Back in the early 1980s, a close friend and I started noticing that the name John Landis was appearing on films we found particularly entertaining. It was my friend who first spotted that the oddest link between his blockbuster musical comedy The Blues Brothers and his horror masterpiece An American Werewolf in London was the fake film title, "See You Next Wednesday." In The Blues Brothers it adorns a billboard poster for a King Kong-like monster movie, and in American Werewolf in London it's the title of the porno flick playing at the cinema in which David is confronted by the undead victims of his nocturnal lycanthropic rampages (a poster for which can also be spotted in the scene set in the London Underground). What, we wondered, was this all about? A few weeks later, I got a phone call from my friend informing me that he'd got hold of a VHS tape of Landis's low-budget first feature, Schlock. "And you know that whole 'See you next Wednesday' thing?" he added, "Well it's all over this one." He's not kidding. Up front, it's cited alongside Birth of a Nation, Gone with the Wind, 2001: A Space Odyssey and Love Story as a classic to which Schlock can be compared, and later appears on two movie posters and is playing alongside The Blob and Dinosaurus in a cinema in which one of the film's lengthier scenes is set. It's since been established that those four words are to Landis films what director cameos were to Hitchcock's (Landis even managed to shoehorn them into the two Michael Jackson music videos he directed, Thriller and Black or White) and that the phrase began life as an innocuous line of dialogue in 2001: A Space Odyssey.

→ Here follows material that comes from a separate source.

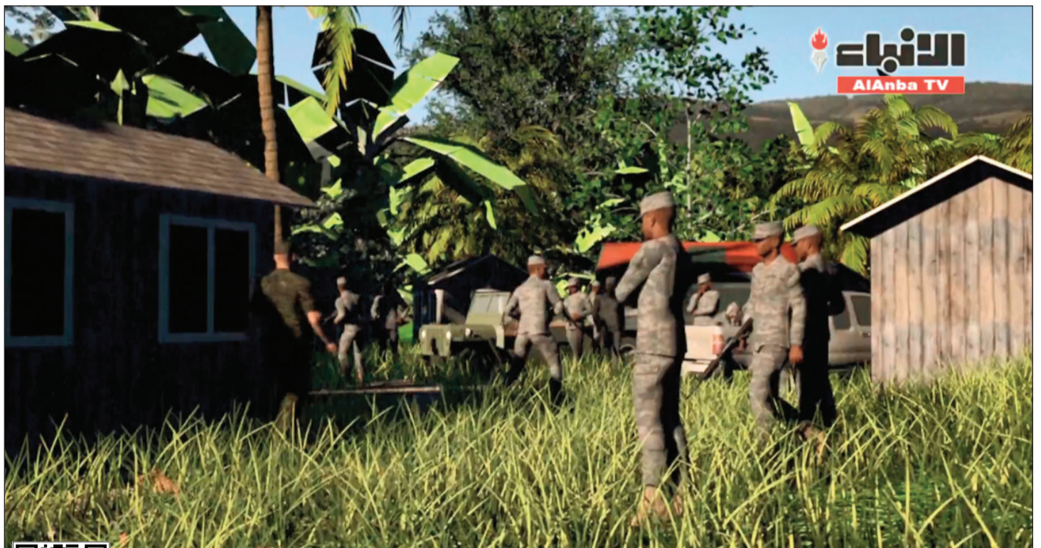
عائدات القوات المسلحة الكولومبية مرتبطة بانتاج الكوكايين
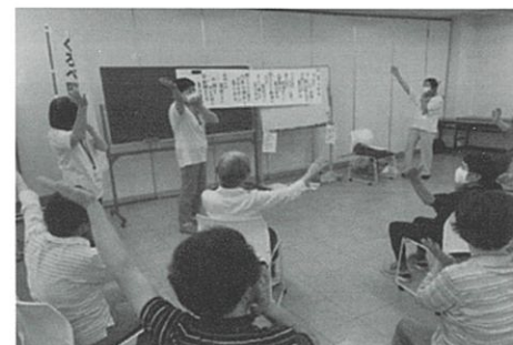
認知症予防教室 たんぼぼ 「脳トレ体操の様子」

Schlock is one of those films I enjoyed for its inventive silliness in my youth but that doesn't seem quite as inventively silly all these years later. I'll freely admit that what made me laugh in my youth doesn't always prompt the same response in the older and more cynical me I've become, but certain other allowances have to be made here. This was Landis's first feature film, one made on a budget of $61,000, half of which he financed himself from the proceeds of film work he had been doing for some years (I wasn't previously aware that he was an uncredited assistant director on Kelly's Heroes), and he was just 21 years of age at the time. None of which you'll be completely surprised by if you're new to the film. If you think I'm being snootily critical, then know that Landis himself has groaned more than once in the past when the film has been brought up by curious interviewers, and in the commentary on this very disc describes it at one point as "a terrible movie." It's not, not by any means, but depending on the leaning of your sense of humour, you may need to make some sizeable allowances to get the most out of what still makes the film worth seeing and has seen it attract a small but enthusiastic cult following.
The plot has only a passing relevance here, but is probably still worth outlining. In a small American town, local teenagers are being slaughtered in droves, and the scruffy police chief, Detective Sergeant Wino (oh yes), hasn't a clue who or what might be responsible. We soon discover that the hirsute perpetrator is an ape-man known as Schlock who appears to have made a nest in a nearby underground cave. While Wino and his band of buffoonish cops unsuccessfully attempt to track Schlock down, the creature becomes fascinated with young Mindy, who has just been released from hospital following an operation to restore her sight, and now is just waiting for the bandages to be removed.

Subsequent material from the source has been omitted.